Over the past six months, with the help of an intellectual property lawyer, we’ve been in discussions with a number of organisations which have restrictive data licenses. We’ve explained how we’d like to use their data on OpenTrials, how their current licence prevents that use, and how different parts of the licence (e.g. non-commercial, personal use only, no redistribution) are problematic/ambiguous, and have suggested more open, permissive alternatives.
Suggestion: if you’re a data provider, we’d encourage you to follow the example of one of the organisations below and make your data licences more open – we’re happy to talk to you about the issues: email@example.com
N.B. We’re planning a detailed blog post about licensing – watch this space!
In the case of ISRCTN, this covers their trial metadata (e.g. condition, intervention, trial title, phase etc) under a CC BY 4.0 licence.

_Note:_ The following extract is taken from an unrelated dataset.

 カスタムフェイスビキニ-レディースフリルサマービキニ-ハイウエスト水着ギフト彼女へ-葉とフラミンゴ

In the case of GSK, this covers both their trial metadata and their collection of documents relating to trials (Protocol Summaries, Scientific Results Summaries, Protocols, and Clinical Study Reports).

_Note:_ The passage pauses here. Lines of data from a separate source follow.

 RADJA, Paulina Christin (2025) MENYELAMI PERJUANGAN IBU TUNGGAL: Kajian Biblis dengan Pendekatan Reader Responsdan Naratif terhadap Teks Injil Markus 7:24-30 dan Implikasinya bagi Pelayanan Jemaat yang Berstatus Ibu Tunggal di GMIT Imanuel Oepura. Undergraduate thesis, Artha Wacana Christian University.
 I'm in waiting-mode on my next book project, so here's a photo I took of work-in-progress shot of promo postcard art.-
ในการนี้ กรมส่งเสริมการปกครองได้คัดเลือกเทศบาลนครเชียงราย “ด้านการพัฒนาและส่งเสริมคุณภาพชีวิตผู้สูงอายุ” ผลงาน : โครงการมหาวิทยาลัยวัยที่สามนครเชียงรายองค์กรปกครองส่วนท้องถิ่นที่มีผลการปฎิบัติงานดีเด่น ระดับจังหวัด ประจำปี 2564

We’ve just added these new sources to OpenTrials, meaning that even more trials and documents are now listed – many thanks to both organisations for showing great leadership on this issue!

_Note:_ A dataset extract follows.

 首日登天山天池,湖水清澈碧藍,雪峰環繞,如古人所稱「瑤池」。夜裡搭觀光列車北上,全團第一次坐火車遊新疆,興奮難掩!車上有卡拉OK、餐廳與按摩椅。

Commenting on this progress, Andrew Freeman, Head of Medical Policy at GSK said:
“We can and do publicly disclose information about our clinical trials on our register. Disclosure is important but it’s not enough. The value of disclosing information can be significantly limited if the information is not readily accessible and usable. To that end, we recently clarified that the use of information on our register is unrestricted provided that it may not be used in applications by others for regulatory approval of a product.”
How to get involved in the meantime
If you’re keen to get involved in discussions with other OpenTrials users and open data fans, there are a number of ways you can do that while our core team is having a rest.
If you’re interested in looking at the bugs and feature requests we have (or want to file new ones!), take a look at our GitHub issues and feel free to comment on any with your insights. We also have a forum where you can discuss issues relating to OpenTrials, for instance if you know of a data source we might be interested in using, or a way of improving matches or cleaning the data. For the more technical amongst you, feel free to also contribute code and get involved in our Gitter chat room.
What we’ve been reading
And lastly, as it’s going to be a while until we’re in touch again, here’s a bumper crop of articles from the last few months:
Trial data transparency
- Journal editor calls for ‘culture change’ around clinical trial data
- EMA: Release of documents on two medicines temporarily halted
- Enhancing Transparency at the US Food and Drug Administration: Moving Beyond the 21st Century Cures Act
- Data Escrow and Clinical Trial Transparency
- Systematic drug repositioning through mining adverse event data in ClinicalTrials.gov
- Improving data transparency in clinical trials using blockchain smart contracts
- A metadata schema for data objects in clinical research
- Bias in the reporting of harms in clinical trials of second-generation antidepressants for depression and anxiety: A meta-analysis
- Spin in RCTs of anxiety medication with a positive primary outcome: a comparison of concerns expressed by the US FDA and in the published literature
- Why clinical trial outcomes fail to translate into benefits for patients
- An open source pharma roadmap
- Storm Warning: The Trial Disclosure Forecast for 2017
Signing out for now from the OpenTrials team at Open Knowledge International – see you on the other side!